C'est donc une grande démarche, mes amis, que celle que vous faites ce soir. Demain matin, la sainte Eglise vous conviera, de son côté, à gravir les premières marches du sanctuaire: vous recevrez les premières ordinations. Là encore vous trouverez le Sauveur et vous comprendrez mieux ce que c'est que de le suivre. Vous comprendrez mieux cette union du Sauveur avec nous. Le sacerdoce complète la vie religieuse. Prêtre, vous serez vraiment le Verbe divin sur la terre et parmi les hommes. Investis de ses pouvoirs, vous accomplirez la rédemption des âmes. Et là encore, plus vous vous dégagerez de vous-même, plus vous mourrez à vous-même et plus le Sauveur agira efficacement en vous pour le salut des âmes.

Prenez le Pontifical, lisez ce qu'on vous dira demain dans l'ordination, les monitions et les prières de l'évêque qui va recevoir vos premières promesses, et vous conférer les premiers pouvoirs, les prémices du sacerdoce. Tout revient à ce que je vous dis là. Le mystère du sacerdoce est le même que celui de la vie religieuse, de l'Eglise et de Jésus. Moins il y a de 1'homme, plus il y a de Dieu, moins le travail est humain et plus il devient divin. Etudiez ces choses, pénétrez-vous en. Il faut que vous en soyez investis, pénétrés. Comme elle est belle, la vocation du prêtre! Comme elle est grande et digne! Vous voyez, mes amis, que le bon Dieu vous comble de grâces. Il vous donne la lumière, il vous donne la puissance, il vous donne l'action  féconde. Il partage avec vous. Il se dépouille pour vous en quelque sorte. Il se cache, comme dit le Cantique des Cantiques, derrière la paroi: “Il se tient derrière notre mur. Il guette par la fenêtre, il épie par le treillis” (Ct 2:9). Il nous regarde, il est là et on ne le voit pas. Et ce qu'on voit de lui, c'est en nous qu'on le voit. C'est par nos vertus et nos actes que nous le montrons. Méditez ces choses. Demandez à l'Esprit-Saint de vous revêtir et de vous pénétrer de ce secret divin, de la charité divine.

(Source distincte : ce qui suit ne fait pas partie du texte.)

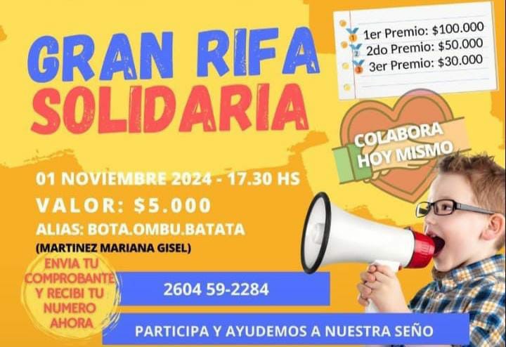 Ante el triste episodio, el grupo de madres de los tres primeros grados y padres que se unieron, decidieron hacer una rifa solidaria para ayudar a la “seño” a recuperar el bien robado. Los premios son tres: el 1) 100 mil pesos en efectivo; el 2) 50 mil pesos en efectivo; el 3) 30 mil pesos en efectivo. La participación tiene un valor de 5 mil pesos, el sorteo será el 1 de noviembre a las 17.30 ante escribano público (padre de uno de los alumnos).

O mes amis, quel beau cantique qu'une vie de prêtre et de religieux, quelle belle vie à mener, quelle existence vraiment divine! Dieu sera avec vous. Dieu vous pénétrera, Dieu se servira de vous pour être sa manifestation extérieure. Encore une fois, comprenez ces choses. Nous allons prier pour vous, pour que la grâce de ce soir, pour que la grâce de demain matin vous aide à faire bien la donation entière de votre vie. Commencez! Commencez! La bonne Mère disait: “Il faut commencer un peu, et le Sauveur finira bien!”